# Can not boot install disk



## emamarro (May 6, 2009)

Hallo,
I'm coming from archlinux and want to try freebsd.
I burned 7.2 release disk1 and try to install but always stops when getting to internal HD 
ad0: 19645MB SAMSUNG  

So I tryed on a newer pc to check the media but the disk run fine and I can get the install window.

Is there anything I can do to install on the old pc?

Thank you very much


----------



## tangram (May 6, 2009)

You need to provide more information, namely which hardware (chipset and so on).


----------



## emamarro (May 6, 2009)

thank you,here it is:

AMD Athlon 750mhz
i686
memtotal 510556kb
vga ati 

ciao


----------



## tangram (May 6, 2009)

Btw did you have a look at http://www.freebsd.org/releases/7.2R/errata.html first open issue?


----------



## emamarro (May 6, 2009)

Thank you ,I also tried with livefs cdrom and stops booting at same pointt  with detailed output GEOM ( may be referring to geometry of HD..)

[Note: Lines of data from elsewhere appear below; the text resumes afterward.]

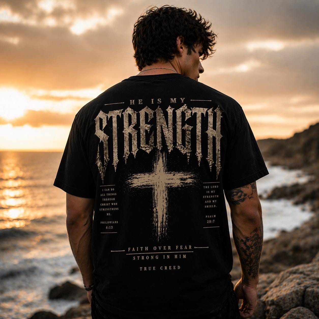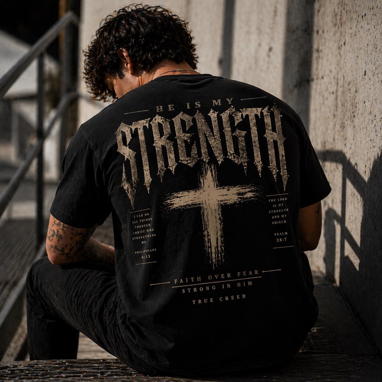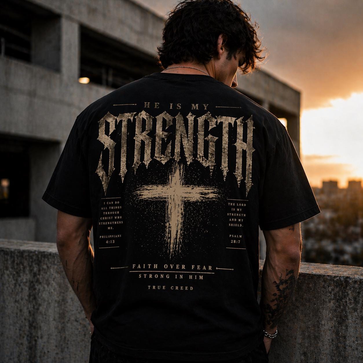 This bold Christian tee features distressed, headline-style lettering spelling out "STRENGTH" across the back, complemented by a textured cross beneath and subtle scripture lines flanking the graphic. The small matching chest emblem keeps the front simple and versatile, making it a perfect addition to your spiritual wardrobe or a meaningful gift for someone special.
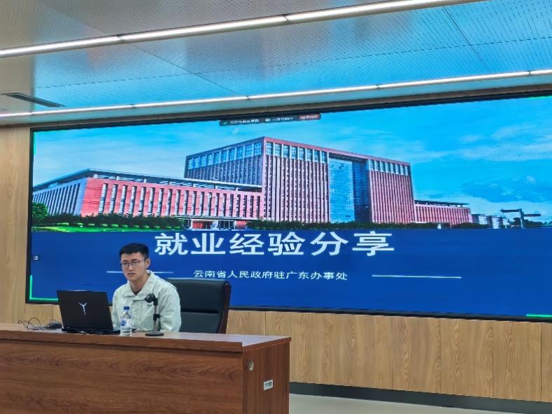 党委副书记兼副院长赵毅博老师主持,八位具有丰富选调公考、求职经验的优秀毕业生受邀分享自身经历和经验,研究生辅导员山丹老师以及学院部分本科生、研究生参加。
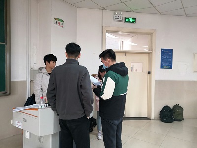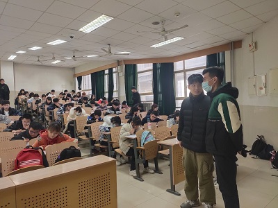 自律会指导老师艾克拜尔巡考,学生组织各部门部长监考。
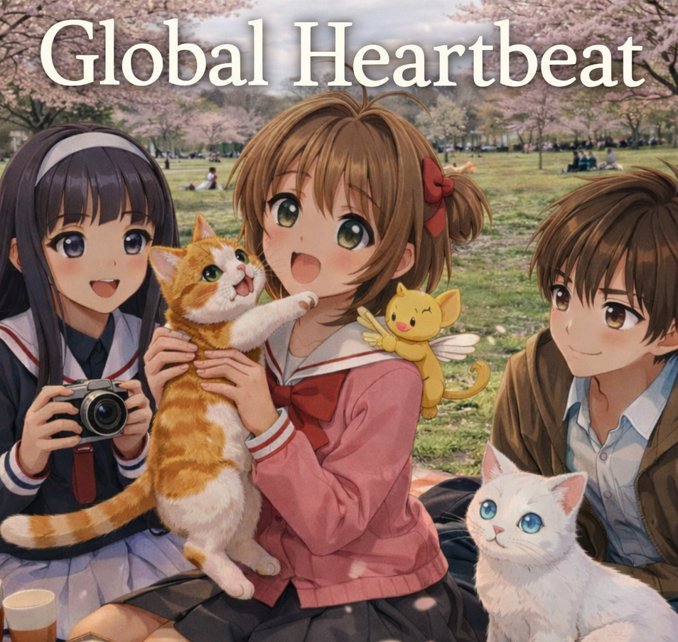 Image : “Global Heartbeat” AI‑generated anime image using the prompt: “Cherry blossom background with friends, family and cats for the Global Heartbeat” by ChatGPT, February 2026.
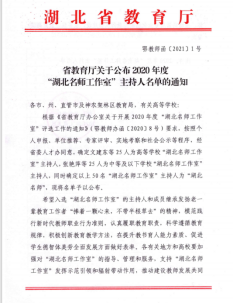 近日,湖北省教育厅公布了2020年度“湖北名师工作室”主持人名单,海角社区 经济系文建东老师入选“湖北名师工作室”主持人,荣获“湖北名师”称号。
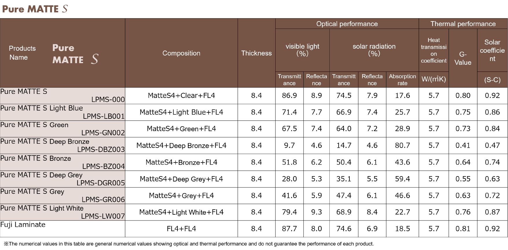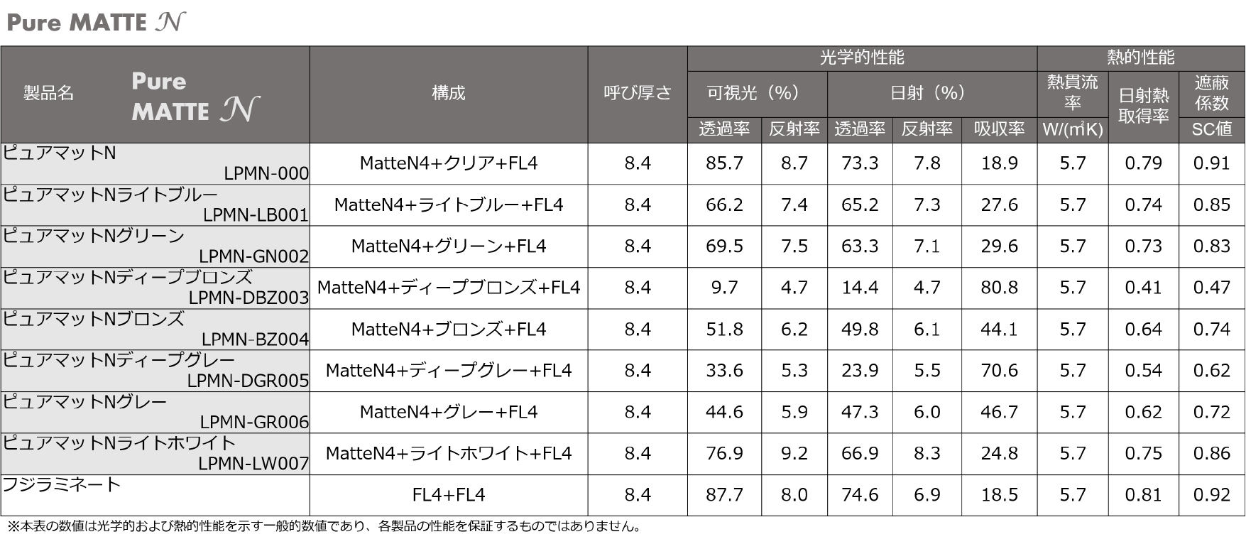 クリア・ライトホワイト・ライトブルー・グリーン グレー・ディープグレー・ブロンズ・ディープブロンズ
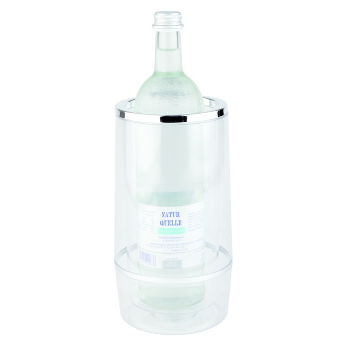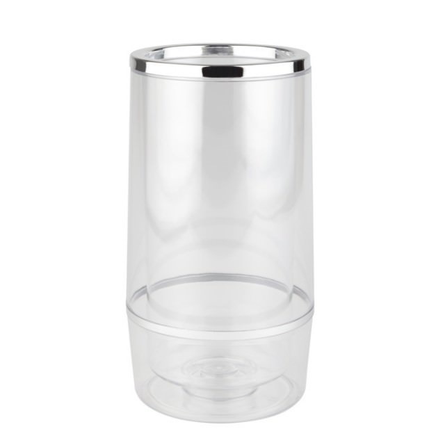 Pojemnik termoizolacyjny z podwójną ścianką. Utrzymuję niską temperaturę przez bardzo długi czas. Wykonany z przeźroczystego polistyrenu, ozdobne chromowane krawędzie. Średnica wewnątrz pojemnika wynosi 100 mm. W ozdobnym opakowaniu. Nie zaleca się mycia w zmywarkach.

[20090501] Some machines do not recognize the i386 disc1 as bootable and fall through to booting off the next boot device. All affected machines did see the other discs as bootable. As a workaround, you can boot using the bootonly or livefs CDROM and then swap in disc1 once sysinstall(8) starts.


----------



## tangram (May 6, 2009)

Can you extract the exact error message?


----------



## emamarro (May 6, 2009)

no luck..:\
I tried with livefs cd prompt stops after this line:

md0: Preloaded image </boot/mfsroot> 4423680 bytes at 0xc0dfab28


----------